Faizler Artsın Parlamento Çalışmasın

Dünya’da siyasi ve ekonomik önemli gelişmeler olurken Türkiye’nin kendi iç problemleriyle boğuşuyor olmasıni kimler ister?

Statüko işbaşında: Faizler artsın, parlamento çalışmasın!

Türkiye’nin batısındaki ekonomik kriz, IMF’nin zamanını doldurmuş programlarına benzeyen ‘kemer sıkma’ önlemleriyle geçiştirilemeyecek kadar derin. Aynı şekilde hemen doğu tarafımızda Suriye’den başlayan siyasi kriz ise Esad gibilerinin yapacağı göstermelik reformlarla, buralardaki rejimleri ayakta tutmaya yetmeyecek kadar tarihi ve kapsamlı bir dönüşümün işareti.

Avrupa’nın krizini şu günlerde Yunanistan üzerinden anlatıyoruz… Dün Yunanistan’da tarihinin en kapsamlı grevi vardı… PASOK, milyarlarca Euro’luk kemer sıkma paketini muhtemelen parlamentodan geçirecek; peki ya sonra… İşte bundan dolayı Yunanistan’daki kriz aslında siyasi bir krizdir ve çok derindir.

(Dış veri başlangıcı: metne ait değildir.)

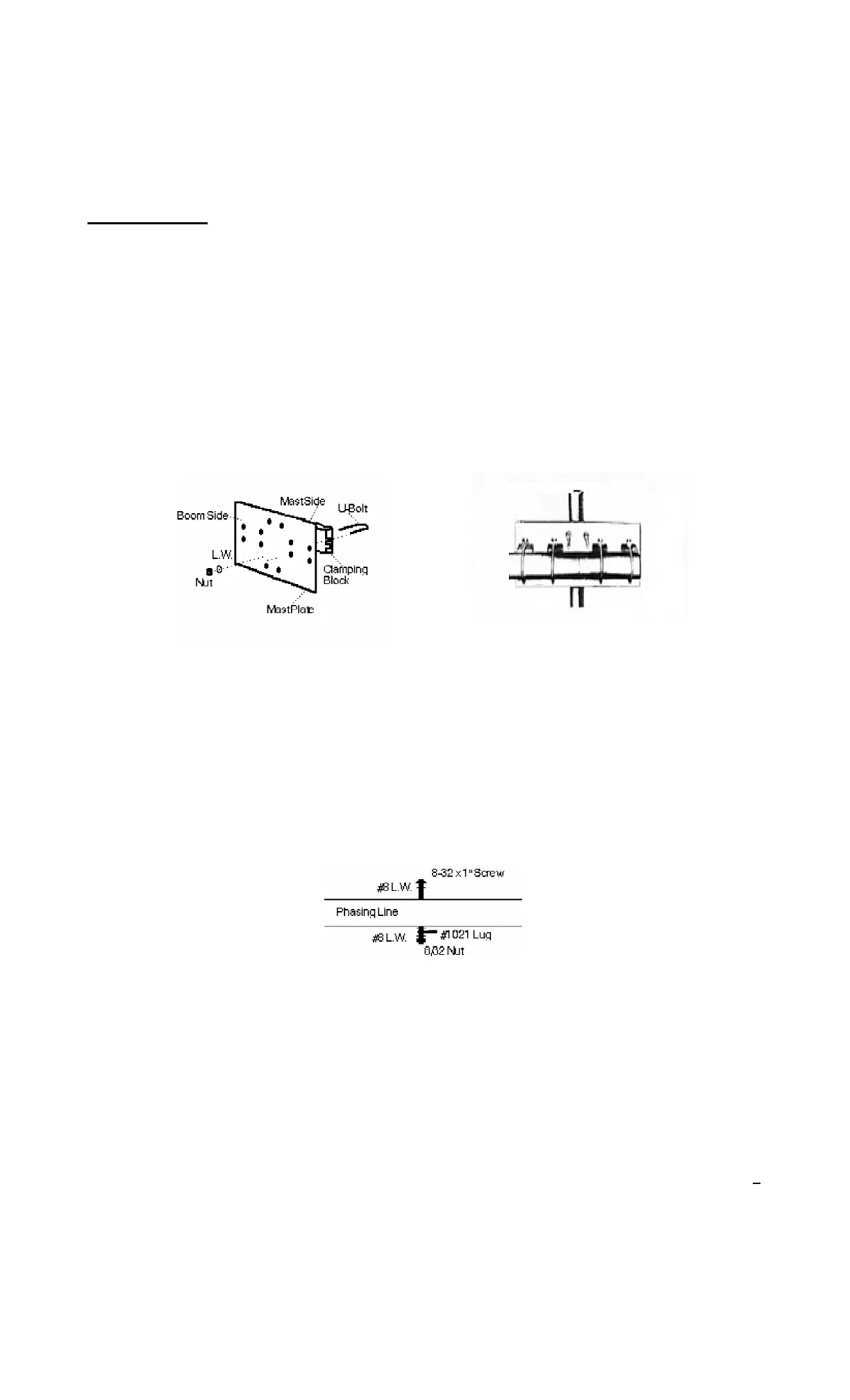 < > Place the 8/32 x 1" screw, lock washers, and nut to each side of the phasing lines. (Parts 29, B, C). Set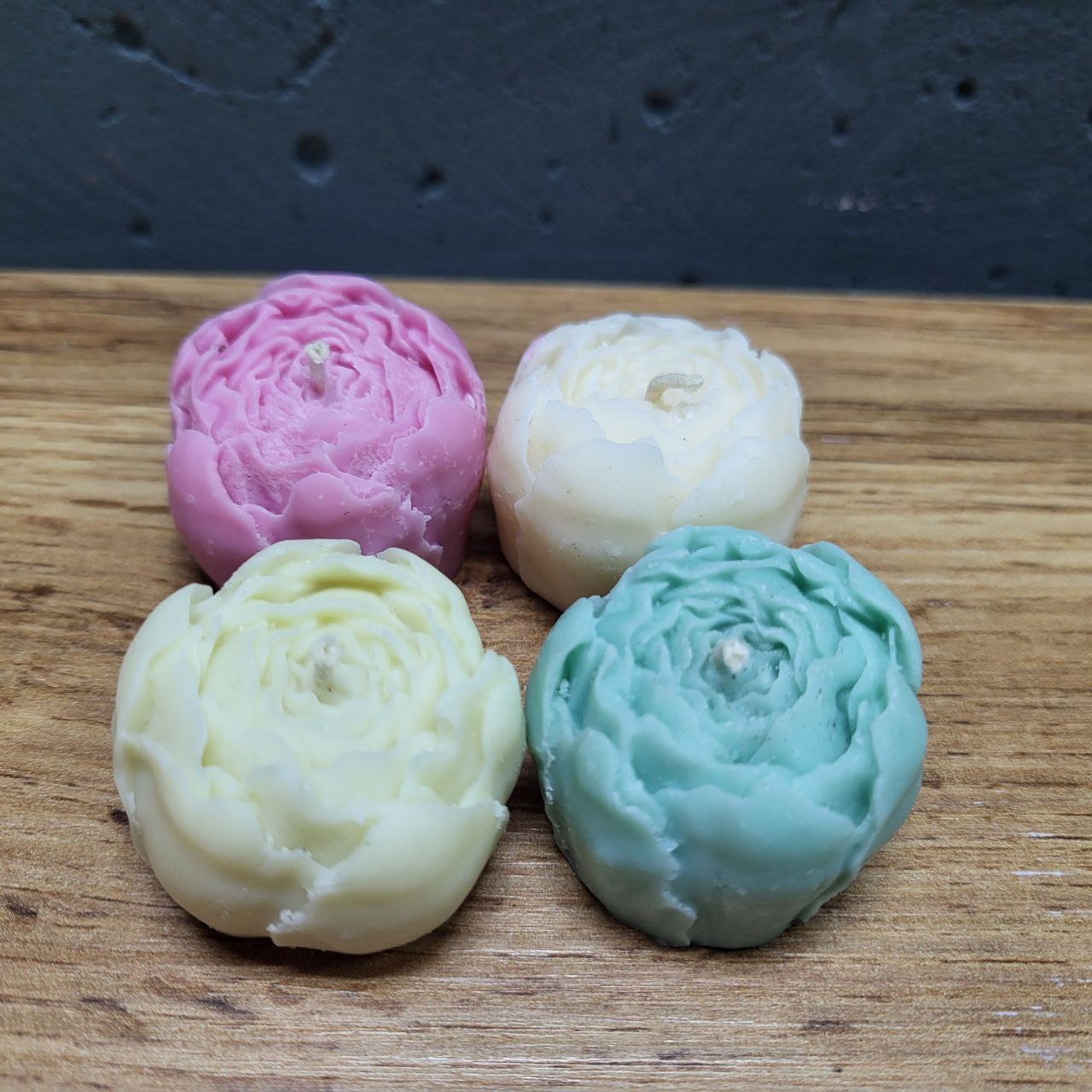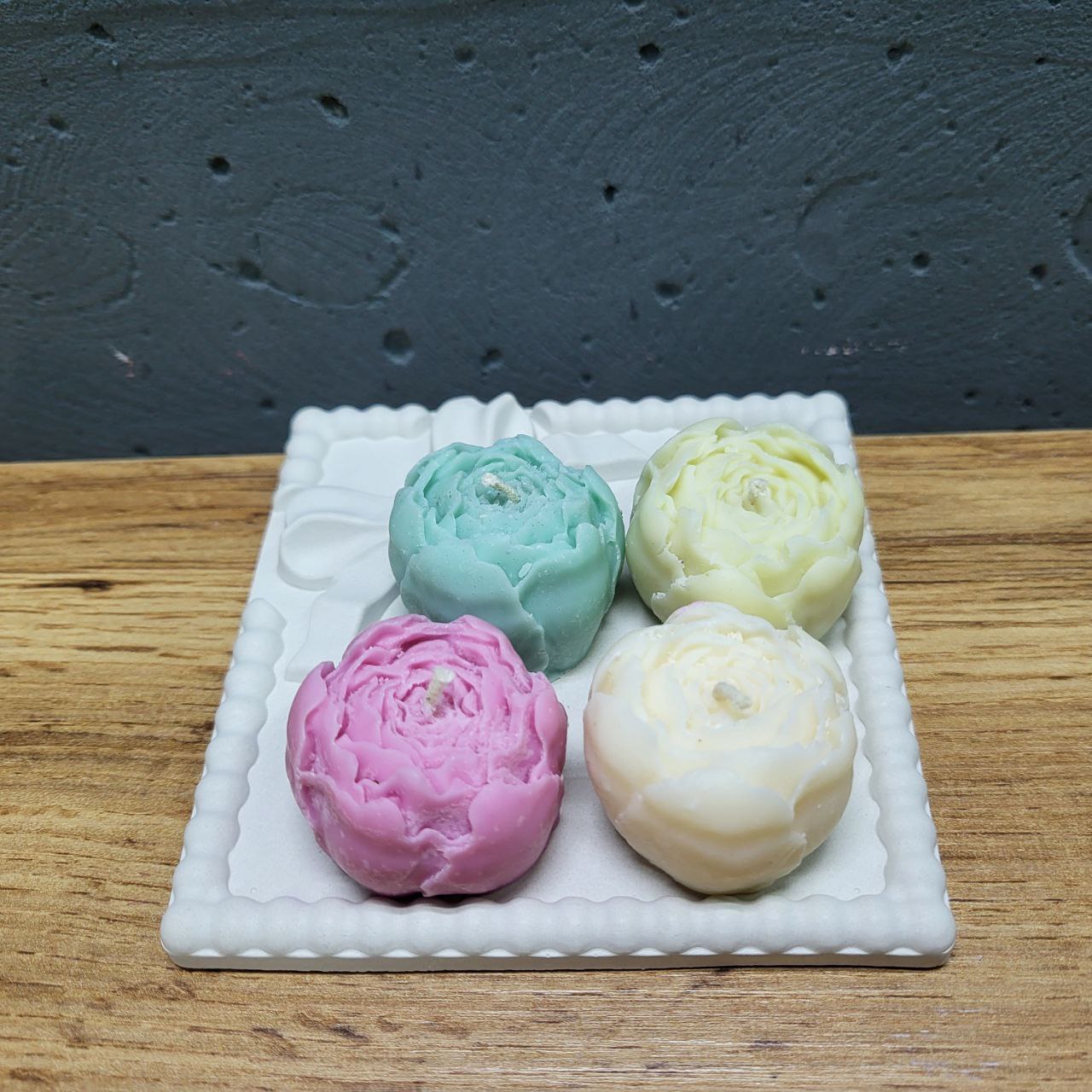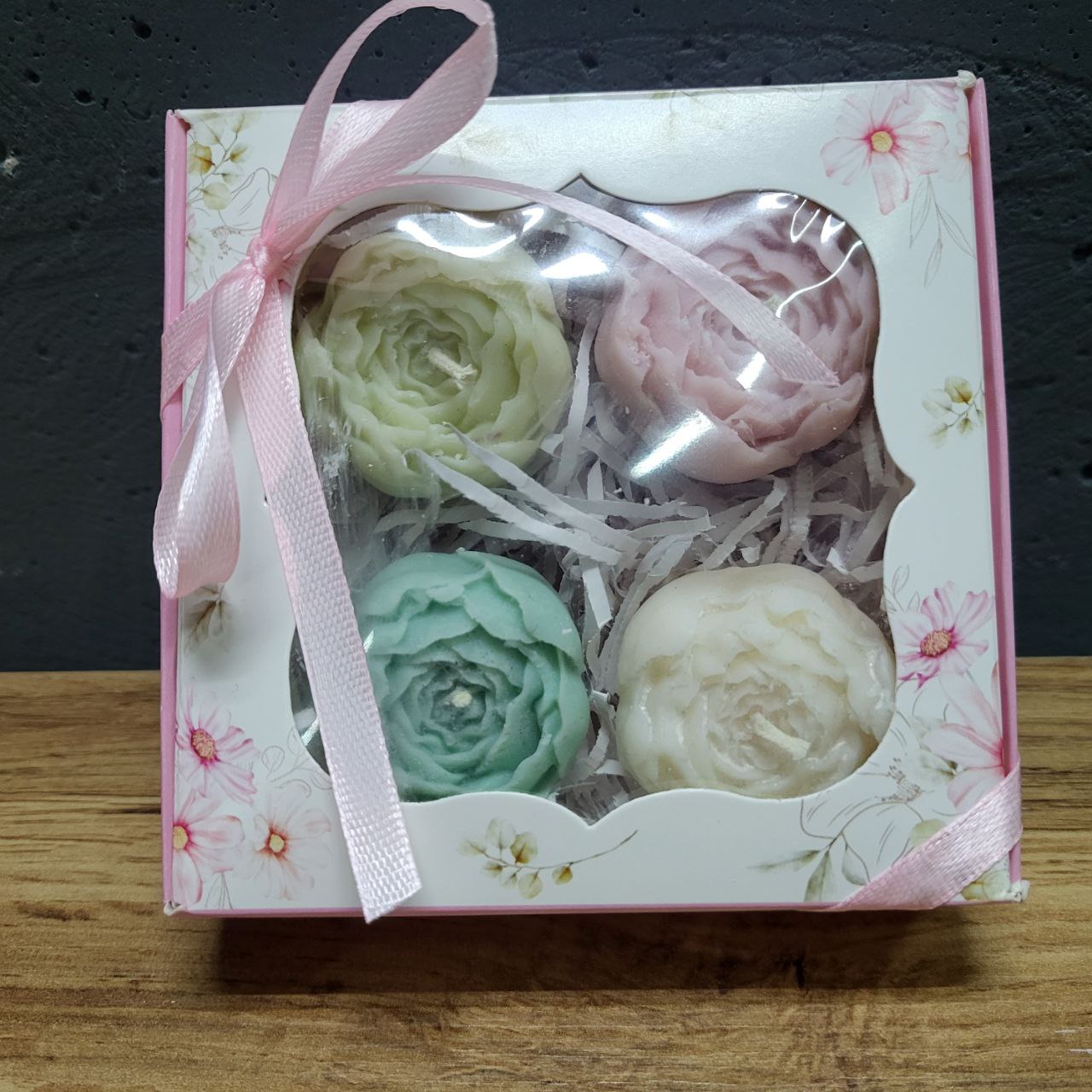 Набір свічок у формі квітки півонії. В наборі 4 свічки у формі квітки півонії. Свічки запаковано в подарункову коробку. Розмір коробки 10х10х3см. Свічки без аромату. Матеріал: віск соєвий

Bu krizin kendisi Yunanistan’da somutlanıyor ama Avrupa’nın krizi olarak anlaşılmalıdır. Çünkü Avrupa tarihi bir yol ayrımında. Ya ulus-devlet yapılarının, ancak kültürel düzeyde var olacağı, siyasi ve ekonomik olarak, tam birleşik bir Avrupa’nın adımını, bu krizi fırsat bilerek, bugünlerde atacaktır ya da 19. yüzyıl başına, ulus-devletler kapışması öncesi Avrupa’ya geri dönecektir. Benzer durum, bir başka biçimiyle, Ortadoğu için söz konusudur. Ortadoğu, artık Batı’nın sömürgecilik döneminde ve ikinci savaş sonrası oluşturduğu, kabilelerden-ailelerden devşirilmiş devletlerle devam edemez. Burada da yeni bir siyasi yapılanmaya gerek var. Ancak hem Avrupa’nın hem de Ortadoğu’nun yolu uzun.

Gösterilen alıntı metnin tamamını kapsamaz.